Task to carry out | Starting at the line with "早朝の上野公園散策で、寛永寺", return every line through the final one of the data, word for word. Pictures stay out.

Data below |
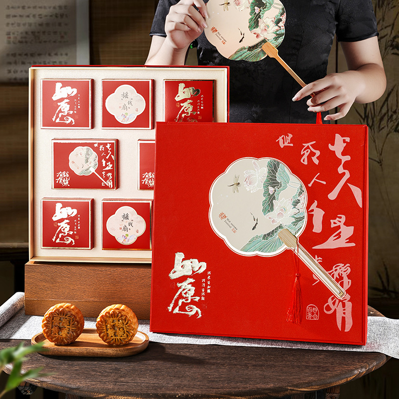 新しい商品の月餅の手提げ箱の卵黄のショートニングの心の月餅の包装箱の扇子の贈り物の高級な贈り物の箱の卸売り
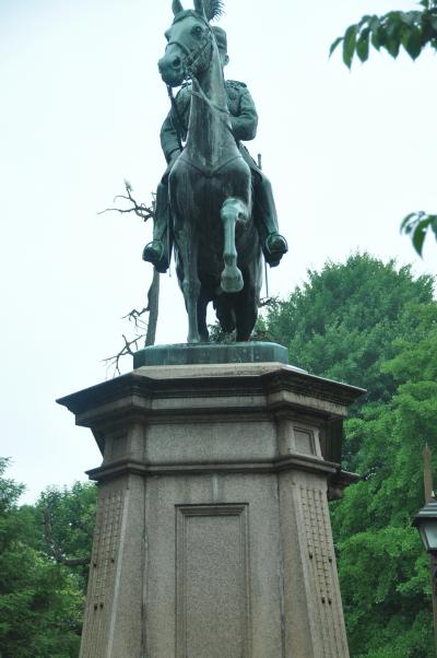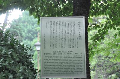 早朝の上野公園散策で、寛永寺根本中道を起点として、国際子ども図書館前、黒田記念館前を通って、不忍池方面に向かってしばらく歩いていると右側に銅像があり、小松宮彰仁親王像だった。お名前は存じ上げなかったが、戊辰戦争にも従軍した明治維新の功労者の一人ということだ。その後、日本赤十字社総裁として赤十字活動に貢献されたそうだ。訪問時、生憎の雨で傘を差していたので、写真は銅像の正面から1枚しか撮れなかった。天気の良い時に、堂々たる姿をじっくりと見てみたい。
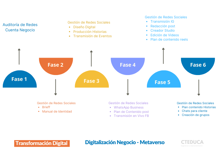 Durante estas etapas los talleres serán acompañados por asesorías y comenzarás a implementar el plan de contenido de tu negocio.

Answer for the task |
 早朝の上野公園散策で、寛永寺根本中道を起点として、国際子ども図書館前、黒田記念館前を通って、不忍池方面に向かってしばらく歩いていると右側に銅像があり、小松宮彰仁親王像だった。お名前は存じ上げなかったが、戊辰戦争にも従軍した明治維新の功労者の一人ということだ。その後、日本赤十字社総裁として赤十字活動に貢献されたそうだ。訪問時、生憎の雨で傘を差していたので、写真は銅像の正面から1枚しか撮れなかった。天気の良い時に、堂々たる姿をじっくりと見てみたい。
 Durante estas etapas los talleres serán acompañados por asesorías y comenzarás a implementar el plan de contenido de tu negocio.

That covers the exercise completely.